Between a rock and a hard place

Following the result of Brexit referendum in June the Bank of England did not hesitate to implement further steps in monetary easing (further in the meaning of additional to already loose conditions after the great financial crisis). The pound, already nose-dipping to multiyear lows, fell further, stemming inflation in prices denominated in pounds.

The spiking inflation got Britain into an interesting situation. While the rest of the world is struggling with zero lower bounds of nominal rates in order to lower the real rate, the British economy has the inflation card, which (given the constant nominal policy rates) can lower real rates and support business investment. However, even with lower real rates, incentives to invest in an economy potentially losing its passport to the world currently biggest free trading bloc are deteriorating. I believe the main driver of business investment will be the conditions of access to the single market and/or the availability of labour, not the rate of interest in the upcoming years.

On the other side though, low real rates and spiking inflation could harm consumption. First of all, as the referendum result ‘came out of the blue’ with financial markets not pricing it, higher inflation erodes real savings, resulting in a higher propensity to save in the long run to make up for the loss in retirement savings for instance. Secondly, higher inflation adversely affects real income. During the recent weeks several other journals, blogs, and articles argued that increasing price levels would hurt real income, hence depressing the engine of growth: consumption.

Even though, it is difficult to argue against the conclusion that higher inflation has a gross negative effect on real income, since the terms of Brexit are still unknown, I think it is a bit premature to make a call on future real income trends. Labour demand depending on business investments, and supply influenced by immigration are just as crucial in determining real wages as inflation rates. Consequently, we are dealing with (gross) negative influence on consumption, and positive on business investment, but the big question mark is still there regarding the eventual terms and conditions of Brexit.
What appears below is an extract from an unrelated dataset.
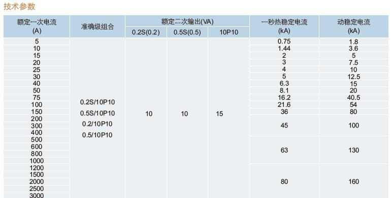 三、LZZBJ9-10A1G、LZZBJ9-10B1、LZZBJ9-10C1戶內電流互感器 技術參數

Given that consumption accounts for 60 percent of GDP in Britain (making it one of the least open economies among G7) one should keep a keen eye on real rates and currency movements. Since British people voted for isolation future economic planning should primarily focus on keeping domestic purchasing power high. In today’s business environment, where nominal yields are scarce, a small increase in policy rates could suffice to support the pound, without making credit terms significantly worse. Dealing with such circumstances and uncertainty it is not straightforward whether easing or tightening monetary conditions would benefit the economy on the long run.